Researchers had high hopes for the Shackleton crater because it never receives direct sunlight. The theory was that if comets have landed there (and, given the craters’ ages, the odds are that several will have), some of the ice carried by such dirty celestial snowballs might be preserved in the permanent shadow cast by the craters’ walls [The Economist]. Then NASA’s 1998 Lunar Prospector detected an excess of hydrogen at the moon’s poles, which researchers thought indicated the presence of water ice.
The Kaguya’s findings, published in Science [subscription required], don’t squelch all hopes for water ice on the moon, but they do demonstrate that there aren’t any easily accessible patches. The craft’s Terrain Camera, which can discern features as small as 10 meters, was able to image Shackleton’s floor because sunlight scattered from the crater’s inner wall, near the rim, illuminates the floor. Ice would show up as bright, highly reflective patches, and the images show no such features [Science News].

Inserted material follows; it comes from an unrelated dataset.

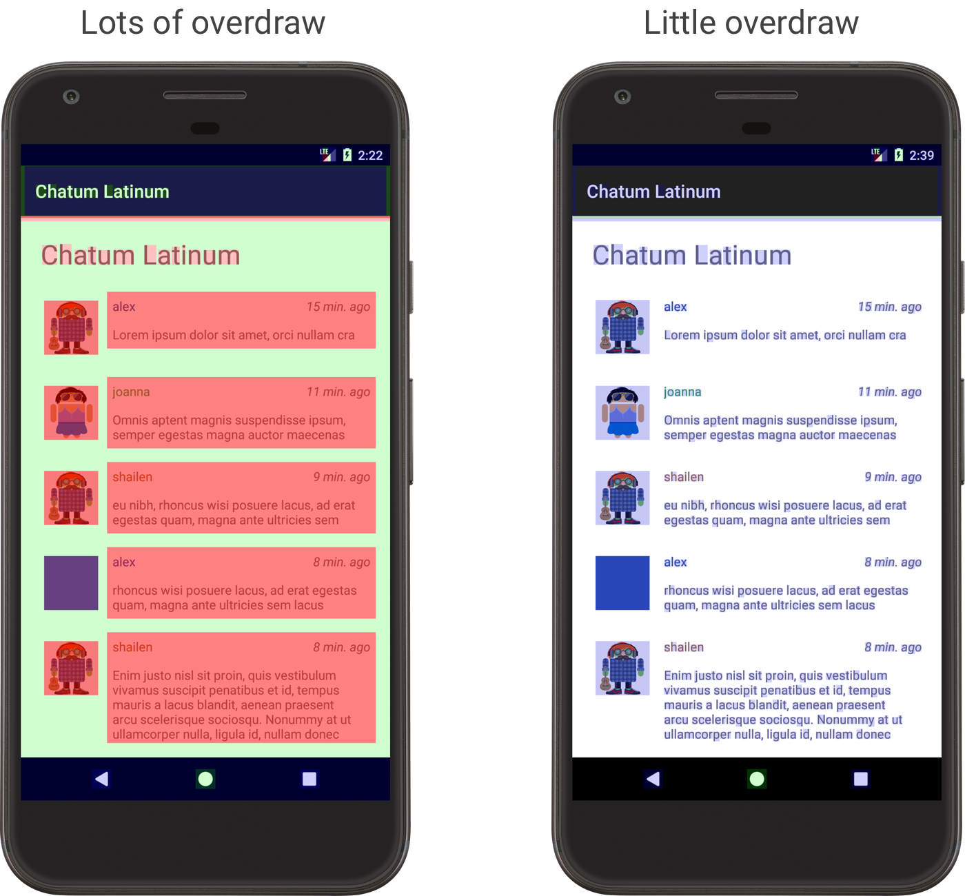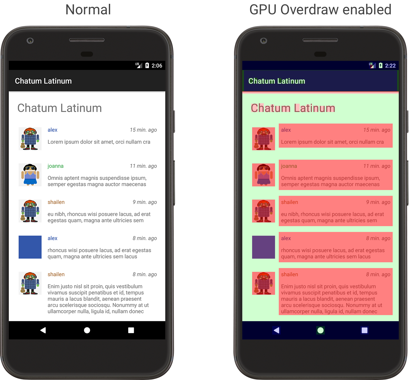 یکی دیگر از ویژگیهای موجود در گزینههای توسعهدهنده به شما کمک میکند تا با کدگذاری رنگی رابط کاربری خود، اضافه برداشت را شناسایی کنید. Overdraw زمانی رخ می دهد که برنامه شما یک پیکسل را بیش از یک بار در یک قاب ترسیم کند. بنابراین این تجسم نشان می دهد که برنامه شما ممکن است بیشتر از آنچه لازم است کار رندرینگ انجام دهد، که به دلیل تلاش اضافی GPU برای رندر پیکسل هایی که برای کاربر قابل مشاهده نیستند، می تواند یک مشکل عملکرد باشد. بنابراین، باید در صورت امکان ، رویدادهای اضافه برداشت را برطرف کنید .

There’s still a possibility that ice could be buried beneath the surface (as it is at the Martian pole), or that tiny ice crystals are mixed in with soil. The Indian lunar orbiter Chandrayaan 1 that launched earlier this week will study the problem with a spectroscope, analyzing the elements present on the moon. NASA’s Lunar Reconnaissance Orbiter, due to launch next year, is expected to send several probes crashing into the polar region in order to scan the resulting plumes of debris for water vapour. If it was there, that would be pretty conclusive [The Economist].